BOOK
#32

Alice in Wonderland &
Through the Looking Glass
by Lewis Carroll





Review by Edward Tanguay
February 13, 1996

Although I'm sure I had never actually read Alice in Wonderland before, I felt as though I knew the whole story as I was reading it this time. Perhaps I had seen the Disney film when I was young. Or perhaps this story trickles down through literature so much drop by drop that whether you have actually read it or not, no part of the story will sound foreign. I noticed some classic lines that I had seen quoted in various books. One was when Alice asks the Cheshire cat which way to go:

"Would you tell me, please, which way I ought to go from here?" "That depends a good deal on where you want to get to," said the Cat.

The Cheshire Cat kills me. His best line is:

"Did you say 'pig', or 'fig'?"

He seemed to be the fullest character, slightly interested in things ("By the way, what happened to the baby?") yet just smiling and roaming around vanishing and disappearing--quite the personality of a cat really.

The tea party was a bit too bizarre for me although some of the play on words were interesting. The whole party reminded me somewhat of watching David Lynch's movie "Eraser Head" where you just keep asking yourself "when is this going to move on?"

The Queen was of course a classic with her one-phrase solution to anything that poses as a problem, but the Duchess was the one that made me laugh "digging her sharp little chin into Alice's shoulder" (!) and quoting her morals. She's typifies the ultimate "undesirable conversation partner" at a dinner party.

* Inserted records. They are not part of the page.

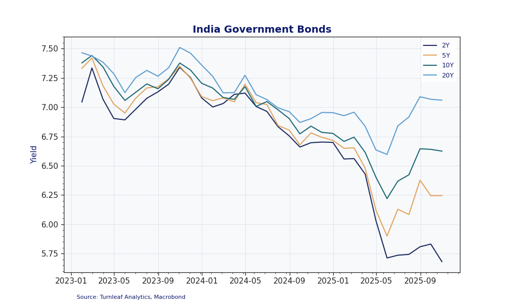 The rupee weakened to 89.39 INR/USD as of November 27, 2025, down 5.82% over twelve months and 1.30% in November alone, driven by acute trade frictions with the U.S. and foreign portfolio outflows. Over the past month, 5- and 10-year government bond yields have edged higher while the 2-year remains near cycle lows, indicating that markets are demanding a higher term premium for inflation and fiscal risks even as they continue to price in near-term RBI easing (Figure 3).
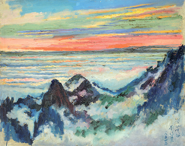展覽開幕式上,劉海粟子女將劉海粟創作的油畫《黃山云?!?、中國畫《滿庭芳(潑墨黃山)》、書法《畢竟西郊八月中》捐贈給中國美術館。展覽將持續至11月26日。圖為劉海粟1954年創作的作品《黃山云?!?。 (欣 聞)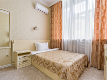 холодильник, кондиционер, телевизор, набор чайной посуды, душ, ванные принадлежности, шкаф, односпальная кровать, электрочайник, прикроватная тумба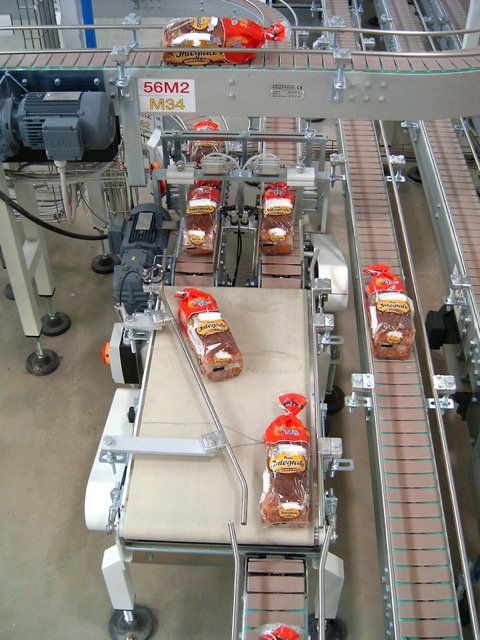 Al contrario il pane nelle sue varie forme molto raramente presenza un imballo secondario intermedio e viene gestito direttamente in cartone se destinato agli scaffali della grande distribuzione o in cassetta se destinato all’HORECA. In questo caso è più tipico vedere sistemi di unificazione e di stratificazione prodotto, di solito il prodotto più “maltrattabile” consente accumulo con pressione; associato con cadenze produttive più ridotte questo rende più raro vedere dei buffer senza pressione.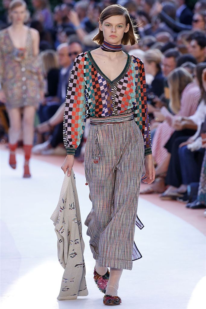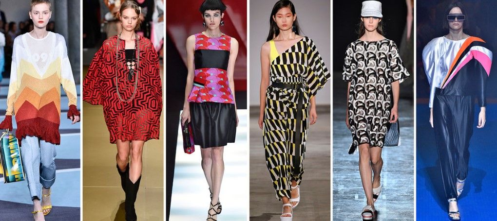 幾何圖像的變化也是2018春夏的一大表現,其中Marco De Vincenzo將大幾何色塊表現在針織衫,營造出高級休閒的調性;Giorgio Armani運用切割的幾何版片,增添單品的變化;Gucci則將幾何大膽切割拼組,透過加寬上衣的詮釋,打造未來科技感的格調;另外Les Copains與Anteprima重複排列的圖像,視覺上也十分強眼吸睛。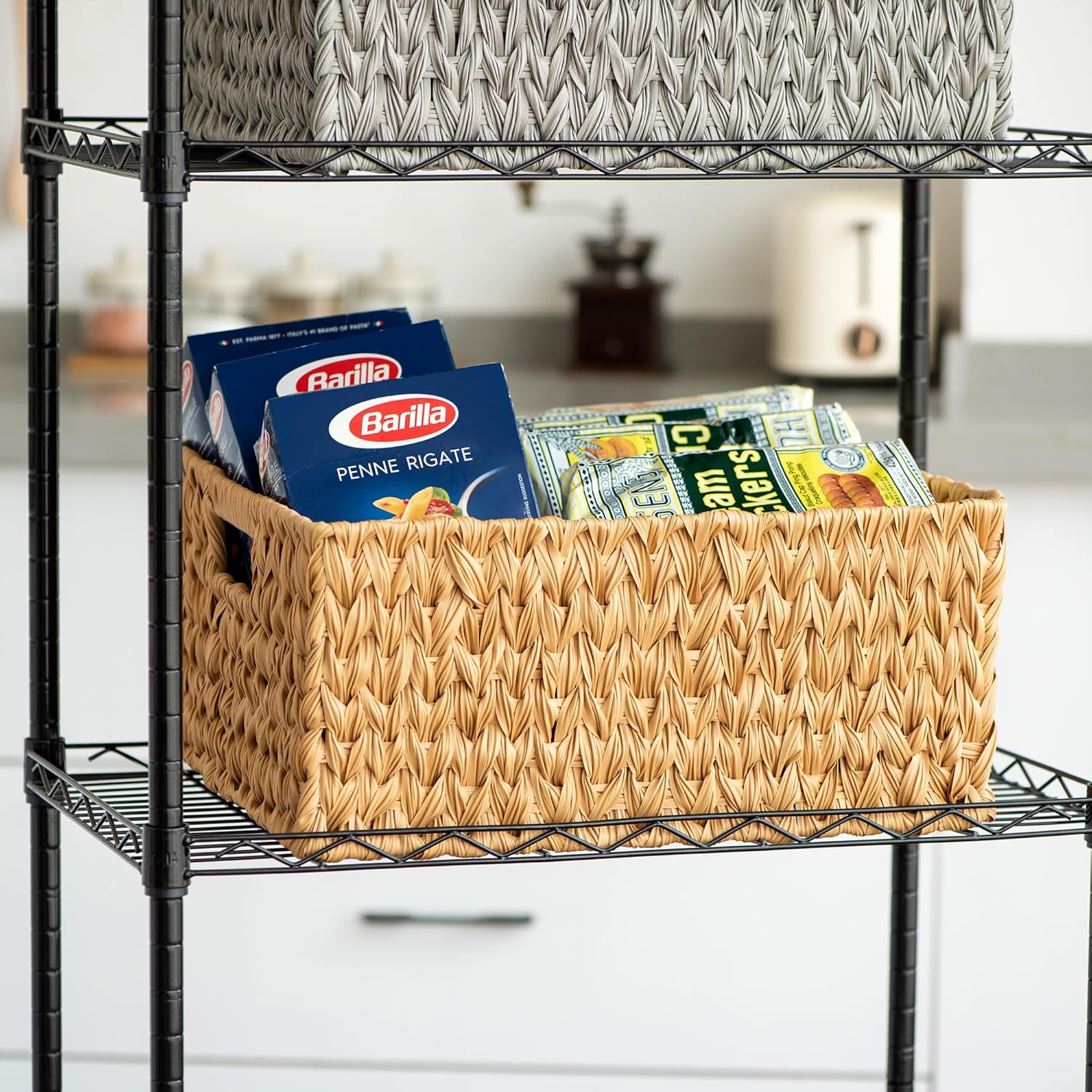 Suptinwear Jumbo Large Plastic Wicker Basket, Waterproof Rattan-Look Storage Basket with Handles, Extra Large Rectangular Woven Basket for Bathroom, Shelves, Closet & Laundry, 16.93"D x 12.99"W
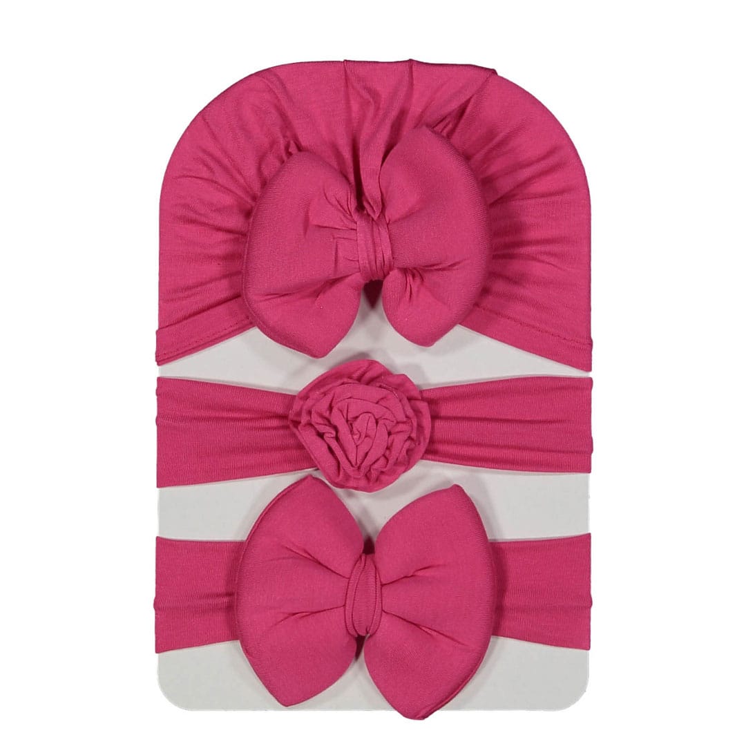 Βρεφικό Σετ Τουρμπάνι Με Κορδέλες Φούξια 3 τμχ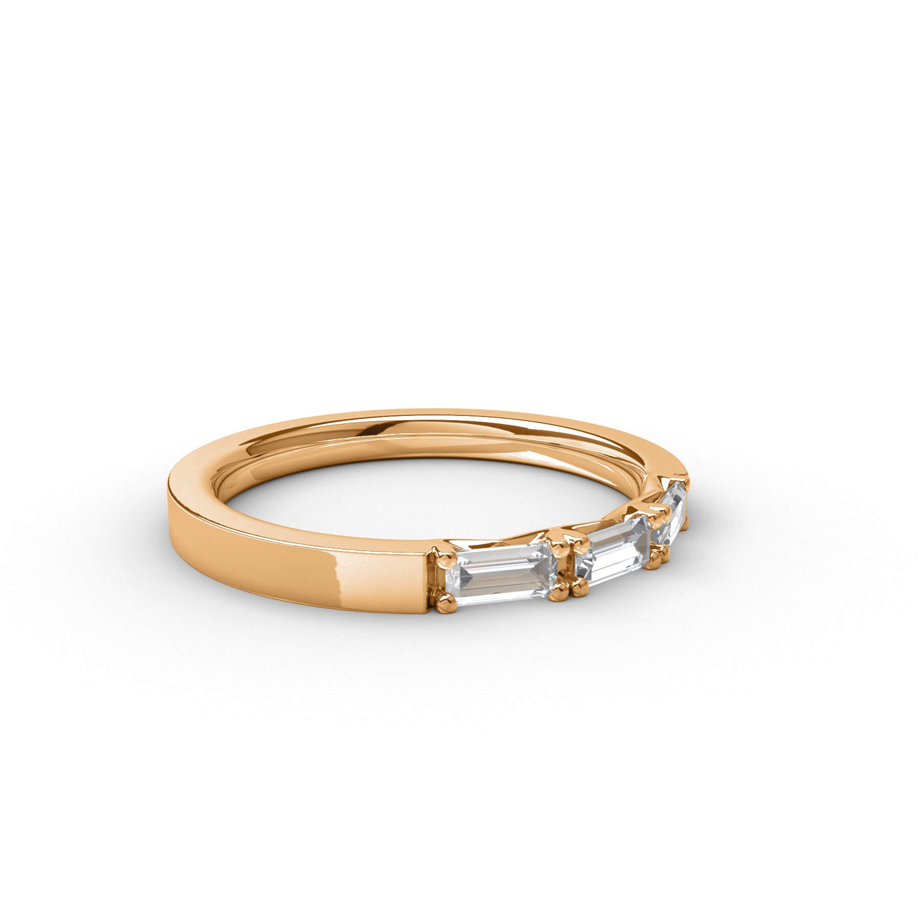 The three baguette-cut diamonds of 0.10ct each, which with their clean lines give a sparkling luster and an aesthetic appearance, make this ring a lucky choice for an engagement or as a jewelry ring for you because you are worthy of it.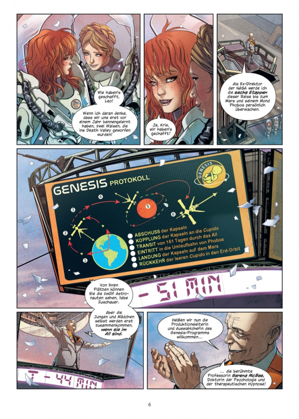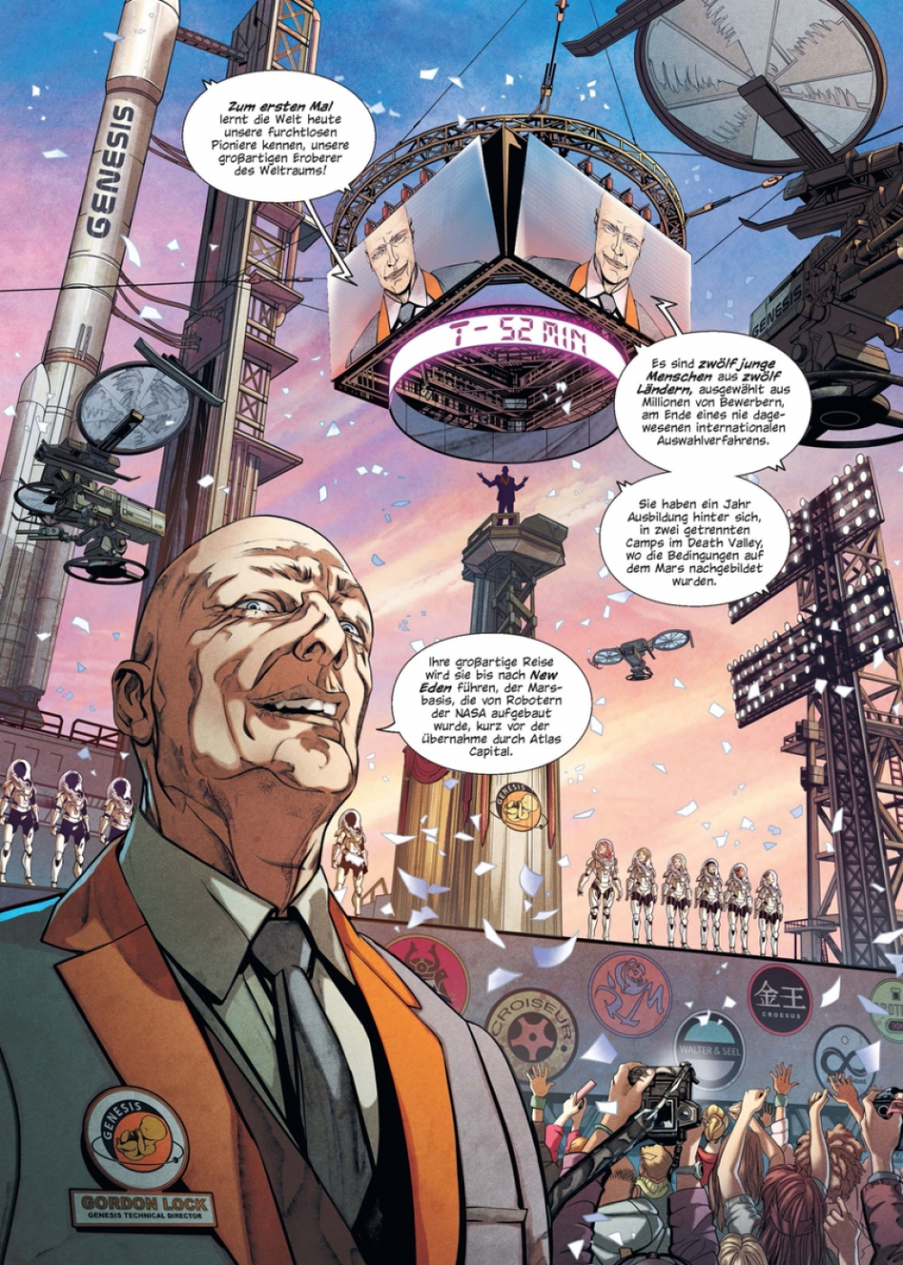 Nachdem die NASA an der Eroberung des Weltalls gescheitert ist, übernimmt die Investmentfirma Atlas Capital das Raumschiffruder: Sie stampft das Genesis-Programm aus dem Boden, das ehrgeizigste Projekt zur Besiedelung des Mars aller Zeiten. Und die hochkarätigste Reality-Show in der Mediengeschichte! 12 Teilnehmer zwischen 17 und 20 Jahren, 6 Frauen und 6 Männer, wurden aus Tausenden von Bewerbern auserkoren, um auf der langen Reise zum Roten Planeten durch sechsminütige Speed-Dates Partner für den Rest ihres Lebens zu finden, damit sie die neue Kolonie mit Nachwuchs füllen können. Lästerei, Intrigen und Verrat lassen nicht lange auf sich warten, denn das Publikum auf der Erde verlangt nach Unterhaltung!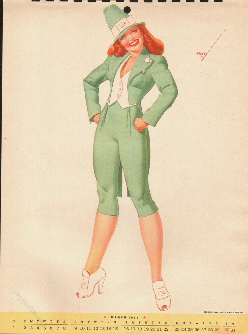 ORIGINAL GEORGE PETTY AMERICAN 1947 MARCH CALENDAR GIRLPRINTED SIGNATURE TOP RIGHT

The Mock Turtle and Gryphon were too way-out for me and the trial didn't interest me like some of the other parts. The freshness of this story comes from the innocence and playfulness of Alice and from her bizarre little world that somehow holds itself together as a consistent whole despite the varied characters and experiences. This story has a spirit to it that challenges nonlinear thinking and sparks creative thoughts.


*** Through the Looking Glass, by Lewis Carroll
*** Notes by Edward Tanguay
*** February 18, 1996

If you read these stories too quickly you'll lose the dreamlike transitions (shop into rowboat and rowboat into shop), the metamorphoses (queen into mutton and mutton into soup) and the numerous disappearing acts. The Looking Glass was very dreamlike in its lack of real-world causality, lack of concern thereof, and dreamlike experiences such as the upwardly moving object in the shop that eventually went through the ceiling. (Perhaps a good way to write children's literature is to base stories on your own dreams.)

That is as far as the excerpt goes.